## Records supplied
#####

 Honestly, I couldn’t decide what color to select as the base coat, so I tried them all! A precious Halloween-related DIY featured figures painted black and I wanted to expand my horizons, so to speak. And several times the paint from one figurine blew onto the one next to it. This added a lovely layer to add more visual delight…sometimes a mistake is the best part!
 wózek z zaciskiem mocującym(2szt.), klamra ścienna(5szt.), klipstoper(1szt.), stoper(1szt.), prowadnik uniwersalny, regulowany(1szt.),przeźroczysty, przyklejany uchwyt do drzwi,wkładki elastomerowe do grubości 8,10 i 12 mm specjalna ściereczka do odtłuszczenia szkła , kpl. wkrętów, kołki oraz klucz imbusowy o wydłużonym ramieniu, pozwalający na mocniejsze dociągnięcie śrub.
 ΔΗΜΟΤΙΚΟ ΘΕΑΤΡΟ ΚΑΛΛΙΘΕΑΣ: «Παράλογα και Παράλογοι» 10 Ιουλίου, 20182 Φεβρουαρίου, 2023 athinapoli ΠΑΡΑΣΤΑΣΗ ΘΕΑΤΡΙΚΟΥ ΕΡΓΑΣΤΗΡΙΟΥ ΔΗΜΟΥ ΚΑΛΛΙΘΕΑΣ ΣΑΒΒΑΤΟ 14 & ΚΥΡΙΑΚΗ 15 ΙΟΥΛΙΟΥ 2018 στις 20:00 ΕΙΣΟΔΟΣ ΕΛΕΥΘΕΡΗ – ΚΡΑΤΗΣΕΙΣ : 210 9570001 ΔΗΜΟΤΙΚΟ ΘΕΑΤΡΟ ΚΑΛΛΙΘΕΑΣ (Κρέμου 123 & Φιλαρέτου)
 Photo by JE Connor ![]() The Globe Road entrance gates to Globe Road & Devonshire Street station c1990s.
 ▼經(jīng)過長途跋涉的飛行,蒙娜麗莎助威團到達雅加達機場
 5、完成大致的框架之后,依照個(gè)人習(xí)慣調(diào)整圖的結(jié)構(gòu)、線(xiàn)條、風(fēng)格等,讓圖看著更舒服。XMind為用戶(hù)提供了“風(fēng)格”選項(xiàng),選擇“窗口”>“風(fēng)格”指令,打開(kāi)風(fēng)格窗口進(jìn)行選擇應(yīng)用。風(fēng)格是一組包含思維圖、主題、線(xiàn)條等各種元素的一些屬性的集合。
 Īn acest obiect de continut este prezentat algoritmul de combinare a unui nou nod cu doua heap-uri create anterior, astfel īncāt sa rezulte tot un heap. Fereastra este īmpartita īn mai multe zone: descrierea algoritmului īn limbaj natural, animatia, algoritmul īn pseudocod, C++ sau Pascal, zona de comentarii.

#####

## Your goal
Exact copies of all the entries above should be returned.

## Output of the task
 Honestly, I couldn’t decide what color to select as the base coat, so I tried them all! A precious Halloween-related DIY featured figures painted black and I wanted to expand my horizons, so to speak. And several times the paint from one figurine blew onto the one next to it. This added a lovely layer to add more visual delight…sometimes a mistake is the best part!
 wózek z zaciskiem mocującym(2szt.), klamra ścienna(5szt.), klipstoper(1szt.), stoper(1szt.), prowadnik uniwersalny, regulowany(1szt.),przeźroczysty, przyklejany uchwyt do drzwi,wkładki elastomerowe do grubości 8,10 i 12 mm specjalna ściereczka do odtłuszczenia szkła , kpl. wkrętów, kołki oraz klucz imbusowy o wydłużonym ramieniu, pozwalający na mocniejsze dociągnięcie śrub.
 ΔΗΜΟΤΙΚΟ ΘΕΑΤΡΟ ΚΑΛΛΙΘΕΑΣ: «Παράλογα και Παράλογοι» 10 Ιουλίου, 20182 Φεβρουαρίου, 2023 athinapoli ΠΑΡΑΣΤΑΣΗ ΘΕΑΤΡΙΚΟΥ ΕΡΓΑΣΤΗΡΙΟΥ ΔΗΜΟΥ ΚΑΛΛΙΘΕΑΣ ΣΑΒΒΑΤΟ 14 & ΚΥΡΙΑΚΗ 15 ΙΟΥΛΙΟΥ 2018 στις 20:00 ΕΙΣΟΔΟΣ ΕΛΕΥΘΕΡΗ – ΚΡΑΤΗΣΕΙΣ : 210 9570001 ΔΗΜΟΤΙΚΟ ΘΕΑΤΡΟ ΚΑΛΛΙΘΕΑΣ (Κρέμου 123 & Φιλαρέτου)
 Photo by JE Connor ![]() The Globe Road entrance gates to Globe Road & Devonshire Street station c1990s.
 ▼經(jīng)過長途跋涉的飛行,蒙娜麗莎助威團到達雅加達機場
 5、完成大致的框架之后,依照個(gè)人習(xí)慣調(diào)整圖的結(jié)構(gòu)、線(xiàn)條、風(fēng)格等,讓圖看著更舒服。XMind為用戶(hù)提供了“風(fēng)格”選項(xiàng),選擇“窗口”>“風(fēng)格”指令,打開(kāi)風(fēng)格窗口進(jìn)行選擇應(yīng)用。風(fēng)格是一組包含思維圖、主題、線(xiàn)條等各種元素的一些屬性的集合。
 Īn acest obiect de continut este prezentat algoritmul de combinare a unui nou nod cu doua heap-uri create anterior, astfel īncāt sa rezulte tot un heap. Fereastra este īmpartita īn mai multe zone: descrierea algoritmului īn limbaj natural, animatia, algoritmul īn pseudocod, C++ sau Pascal, zona de comentarii.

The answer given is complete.